» **THE PROBLEM**
Two lines below mark the span: the one containing "4.Почему так говорят?" and the one containing "景策等同学的作品《无人机投放". Set down both, plus every line between, exactly as they stand, and nothing else.

» **PROVIDED RECORDS**
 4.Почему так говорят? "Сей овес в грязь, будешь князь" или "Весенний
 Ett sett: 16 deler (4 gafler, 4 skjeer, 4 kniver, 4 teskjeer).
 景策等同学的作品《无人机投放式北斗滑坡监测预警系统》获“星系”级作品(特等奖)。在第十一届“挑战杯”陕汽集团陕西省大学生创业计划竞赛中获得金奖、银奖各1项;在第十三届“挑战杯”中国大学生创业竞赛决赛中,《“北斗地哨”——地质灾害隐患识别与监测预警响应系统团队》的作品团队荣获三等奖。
==
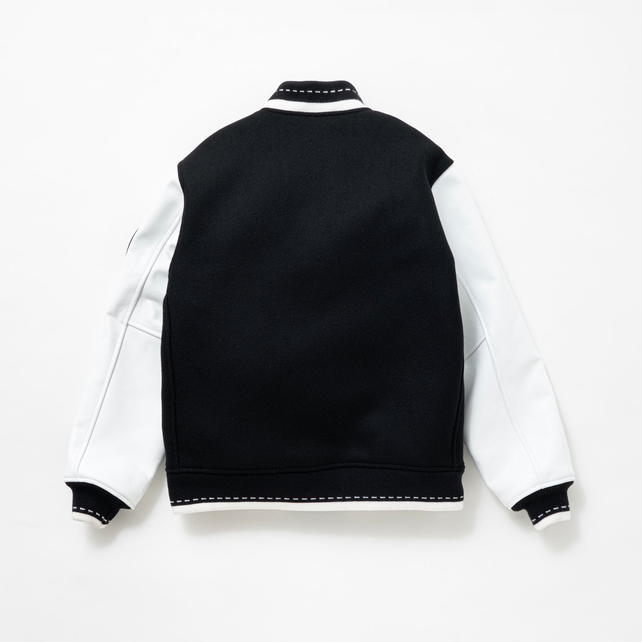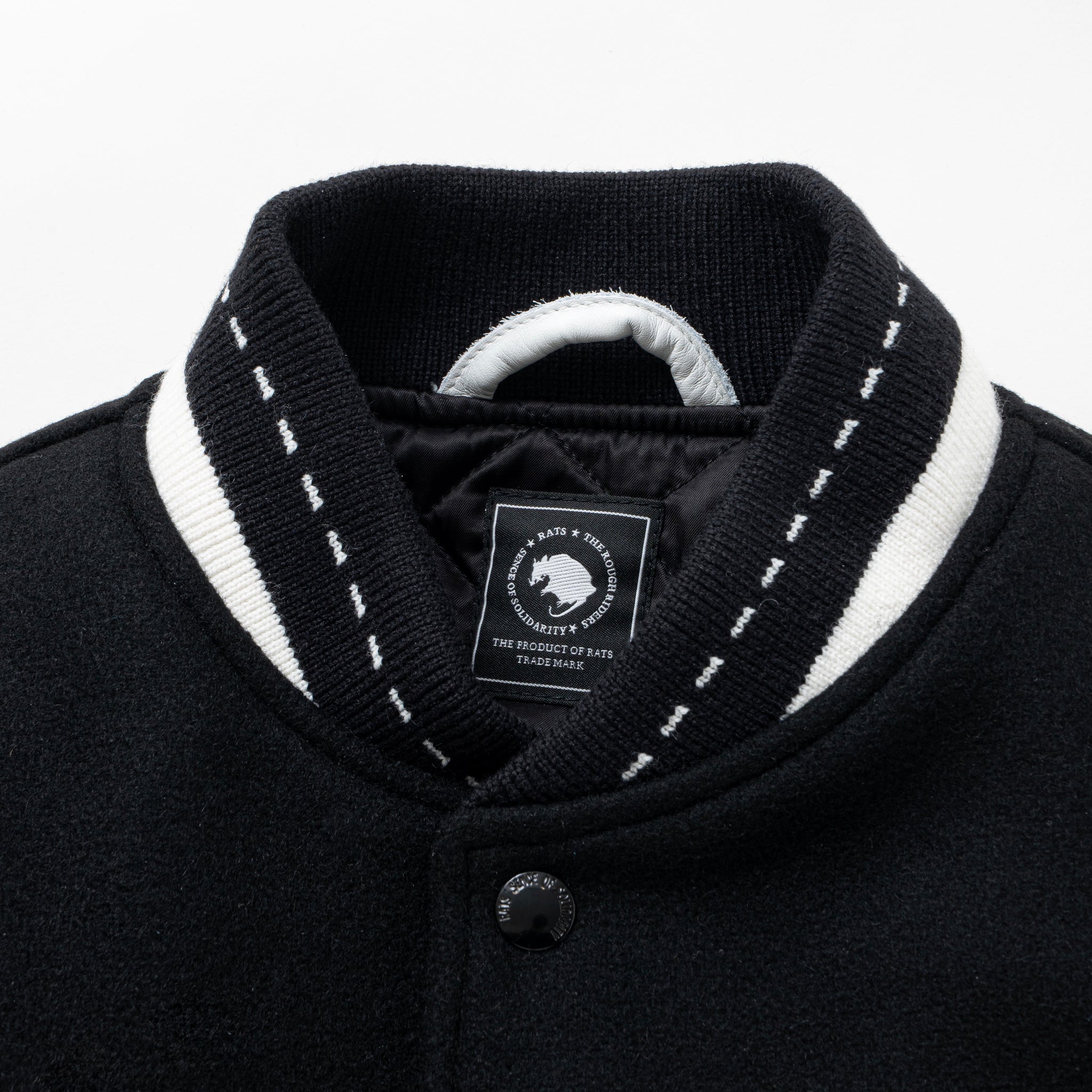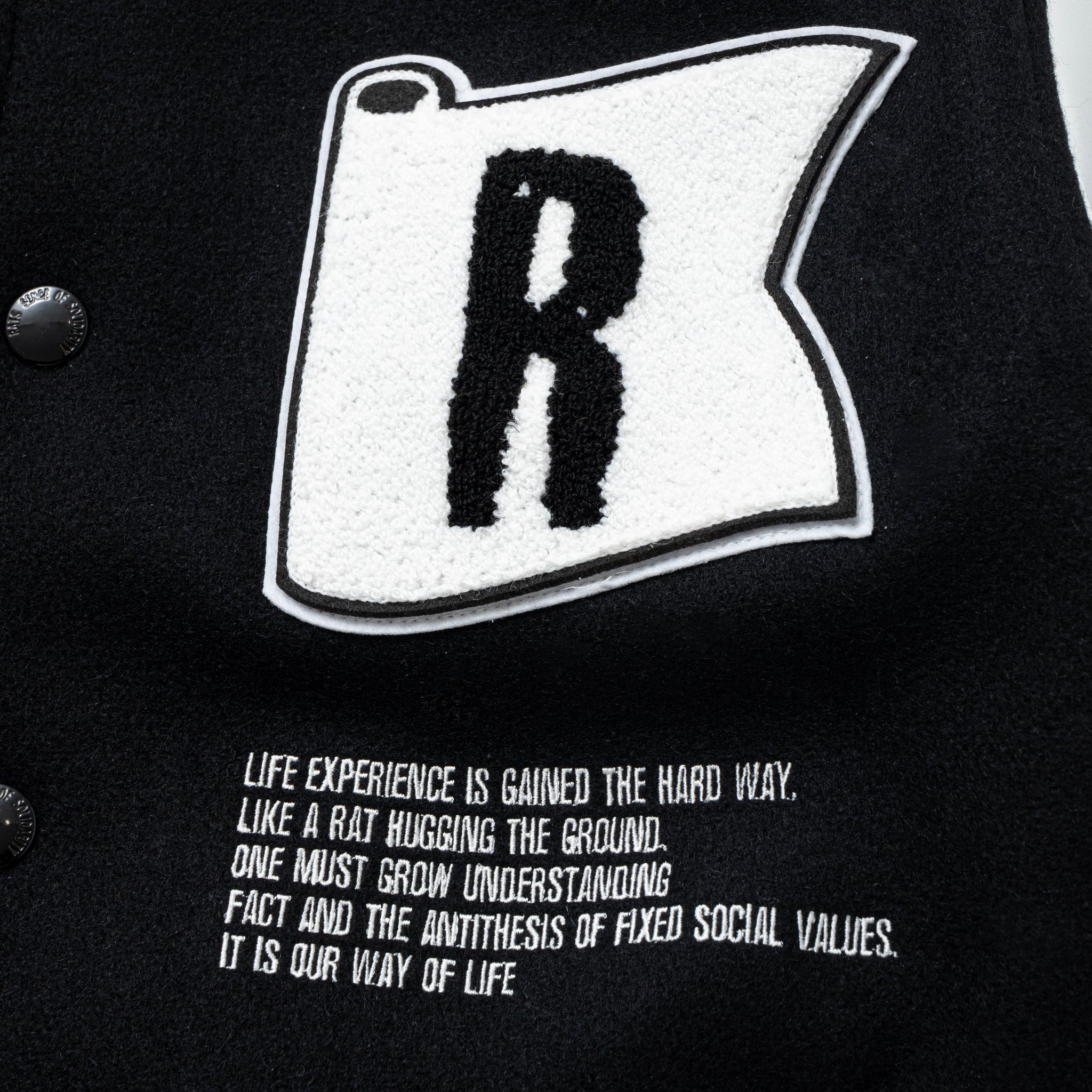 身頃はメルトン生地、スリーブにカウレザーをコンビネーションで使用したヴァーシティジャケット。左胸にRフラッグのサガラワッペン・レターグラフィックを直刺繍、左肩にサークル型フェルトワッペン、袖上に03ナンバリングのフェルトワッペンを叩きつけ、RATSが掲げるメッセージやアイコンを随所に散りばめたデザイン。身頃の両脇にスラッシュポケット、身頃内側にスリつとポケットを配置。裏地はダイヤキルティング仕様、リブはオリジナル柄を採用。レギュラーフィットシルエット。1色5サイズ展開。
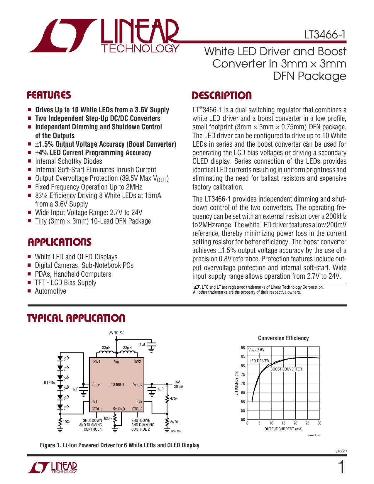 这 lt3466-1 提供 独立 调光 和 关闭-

» **ANSWER SECTION**
 4.Почему так говорят? "Сей овес в грязь, будешь князь" или "Весенний
 Ett sett: 16 deler (4 gafler, 4 skjeer, 4 kniver, 4 teskjeer).
 景策等同学的作品《无人机投放式北斗滑坡监测预警系统》获“星系”级作品(特等奖)。在第十一届“挑战杯”陕汽集团陕西省大学生创业计划竞赛中获得金奖、银奖各1项;在第十三届“挑战杯”中国大学生创业竞赛决赛中,《“北斗地哨”——地质灾害隐患识别与监测预警响应系统团队》的作品团队荣获三等奖。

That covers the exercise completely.